(Data for processing)
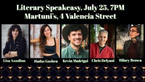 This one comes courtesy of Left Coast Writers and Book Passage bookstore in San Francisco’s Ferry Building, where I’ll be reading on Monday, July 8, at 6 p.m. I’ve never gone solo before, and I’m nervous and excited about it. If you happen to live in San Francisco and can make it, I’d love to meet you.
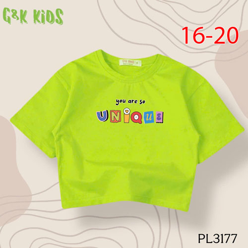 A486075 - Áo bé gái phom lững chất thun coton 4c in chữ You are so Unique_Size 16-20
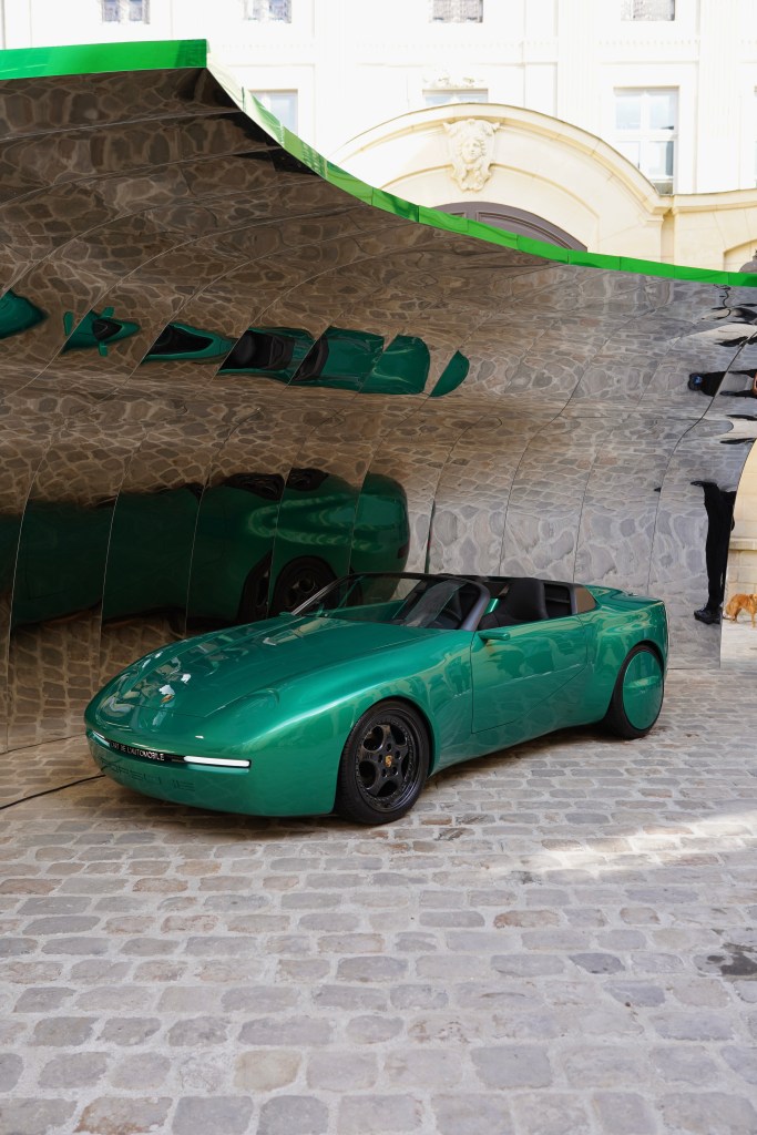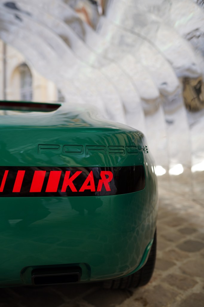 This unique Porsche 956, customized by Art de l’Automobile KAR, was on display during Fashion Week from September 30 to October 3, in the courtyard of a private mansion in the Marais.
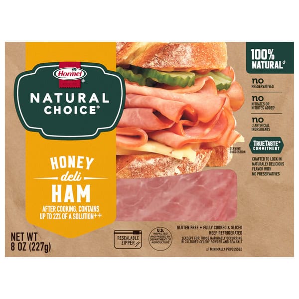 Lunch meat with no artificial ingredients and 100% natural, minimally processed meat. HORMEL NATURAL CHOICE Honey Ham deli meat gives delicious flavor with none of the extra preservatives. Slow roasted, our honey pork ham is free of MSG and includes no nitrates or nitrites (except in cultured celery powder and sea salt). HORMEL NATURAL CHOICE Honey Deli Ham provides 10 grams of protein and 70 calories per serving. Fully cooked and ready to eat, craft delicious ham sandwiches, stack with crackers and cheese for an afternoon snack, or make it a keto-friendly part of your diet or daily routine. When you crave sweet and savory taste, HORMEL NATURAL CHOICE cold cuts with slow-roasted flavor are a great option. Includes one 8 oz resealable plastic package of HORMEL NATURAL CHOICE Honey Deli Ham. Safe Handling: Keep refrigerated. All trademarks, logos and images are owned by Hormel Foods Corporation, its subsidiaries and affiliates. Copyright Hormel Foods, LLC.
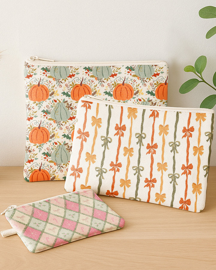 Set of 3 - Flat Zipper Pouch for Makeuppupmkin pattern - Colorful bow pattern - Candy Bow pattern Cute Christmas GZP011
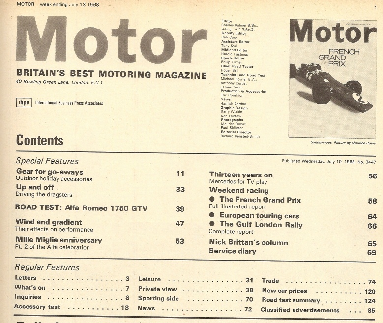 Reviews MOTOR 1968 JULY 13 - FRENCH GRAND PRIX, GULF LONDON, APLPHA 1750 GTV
(End Data for processing)
(Data for processing)
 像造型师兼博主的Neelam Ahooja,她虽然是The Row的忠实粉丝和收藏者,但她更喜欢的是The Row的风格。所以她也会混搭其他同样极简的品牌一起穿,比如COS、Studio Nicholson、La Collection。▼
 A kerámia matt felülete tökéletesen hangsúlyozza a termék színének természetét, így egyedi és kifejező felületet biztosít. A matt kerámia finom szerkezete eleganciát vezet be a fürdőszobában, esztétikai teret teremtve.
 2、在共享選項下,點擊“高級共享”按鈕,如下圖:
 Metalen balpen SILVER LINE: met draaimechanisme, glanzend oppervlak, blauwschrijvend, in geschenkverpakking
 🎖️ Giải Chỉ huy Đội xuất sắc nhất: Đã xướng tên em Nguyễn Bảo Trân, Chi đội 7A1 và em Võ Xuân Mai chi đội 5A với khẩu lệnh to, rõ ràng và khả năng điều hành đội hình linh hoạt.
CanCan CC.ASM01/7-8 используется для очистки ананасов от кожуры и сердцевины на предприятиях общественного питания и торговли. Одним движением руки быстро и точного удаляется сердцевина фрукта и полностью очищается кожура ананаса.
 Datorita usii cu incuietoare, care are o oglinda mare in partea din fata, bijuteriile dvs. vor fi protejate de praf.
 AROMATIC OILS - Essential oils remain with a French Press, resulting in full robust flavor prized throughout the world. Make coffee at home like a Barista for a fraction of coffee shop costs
(End Data for processing)
■ Prompt ■
Scan the entries above for the line containing "Metalen balpen SILVER", and copy it and all lines after it exactly, down to and including the line containing "AROMATIC OILS - Essential".

■ Expected answer ■
 Metalen balpen SILVER LINE: met draaimechanisme, glanzend oppervlak, blauwschrijvend, in geschenkverpakking
 🎖️ Giải Chỉ huy Đội xuất sắc nhất: Đã xướng tên em Nguyễn Bảo Trân, Chi đội 7A1 và em Võ Xuân Mai chi đội 5A với khẩu lệnh to, rõ ràng và khả năng điều hành đội hình linh hoạt.
CanCan CC.ASM01/7-8 используется для очистки ананасов от кожуры и сердцевины на предприятиях общественного питания и торговли. Одним движением руки быстро и точного удаляется сердцевина фрукта и полностью очищается кожура ананаса.
 Datorita usii cu incuietoare, care are o oglinda mare in partea din fata, bijuteriile dvs. vor fi protejate de praf.
 AROMATIC OILS - Essential oils remain with a French Press, resulting in full robust flavor prized throughout the world. Make coffee at home like a Barista for a fraction of coffee shop costs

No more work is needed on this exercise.